When it was made clear to Phil Yea, finance director of Diageo, that he wouldn't be getting the chief executive's job after John McGrath bows out a year and a half from now, he promptly quit, thus depriving Diageo of one of Britain's most promising corporate executives. This is fine for Phil Yea, not so good for Diageo. Just think what would happen if this policy was adopted throughout the organisation. The company would lose half its best people.

There seems to be no similar fall out at the Prudential - or none that we know of yet anyway - but is it really healthy to settle the succession a year in advance?

After a life time in the City, Sir Martin Jacomb is finally yielding the chairmanship of the Pru. Up steps Sir Peter Davis, whose experience of the City is a good deal less. Even so, he'll presumably make a reasonable enough chairman. City memories are short, and his error of judgement in appearing in his own advertisements as the man from the Pru seems already forgiven.

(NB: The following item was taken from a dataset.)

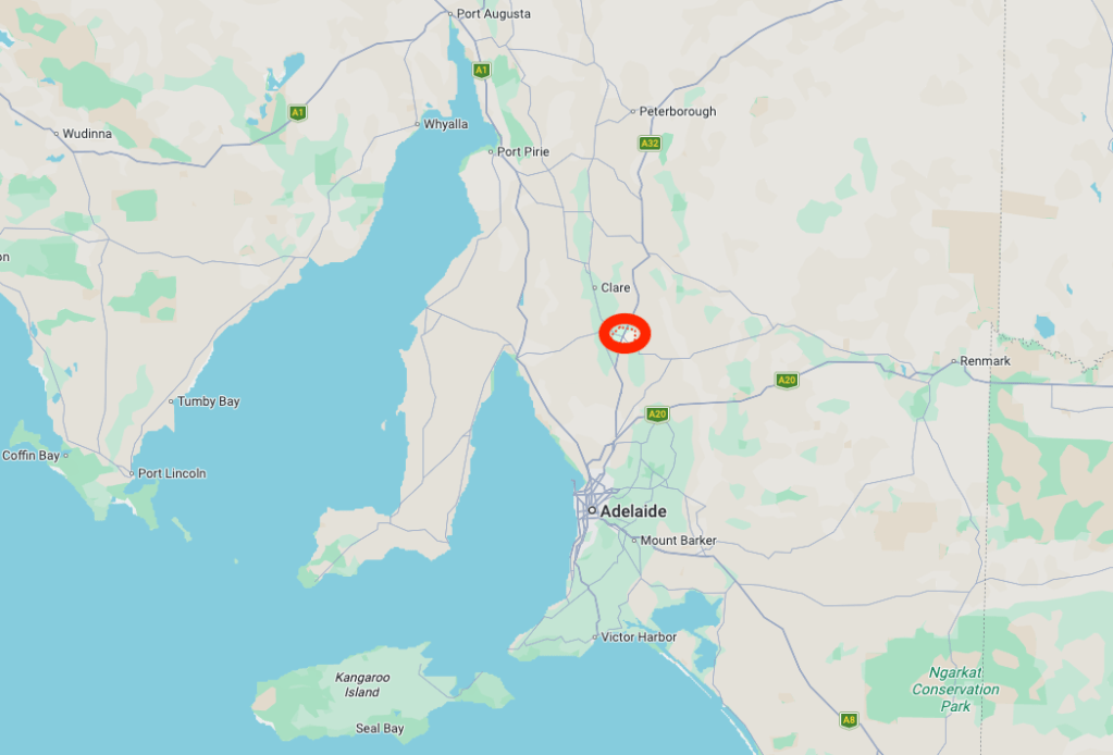 Above: Map showing the location of Kapunda. Map c/o Google Maps

Into his shoes as chief executive steps Jonathan Bloomer, the obvious internal candidate for the job and widely seen in the City as the man behind the Pru's recent acquisition strategies, including Scottish Amicable and M & G.

The first of these was undoubtedly a success. As to the second, it is possible he and Sir Peter overpaid. By the time we find out one way or the other, most people will have forgotten the price. The big acquisition, that of a bank or converted building society, continues to allude them. Having decided that converted building societies were too expensive, they set up Egg, which if nothing else has shown that starting your own bank from scratch can end up costing you a good deal more.

Still, nobody's going to quarrel too much with these appointments, even if they have been announced a year in advance in the manner of an internally determined fait accompli.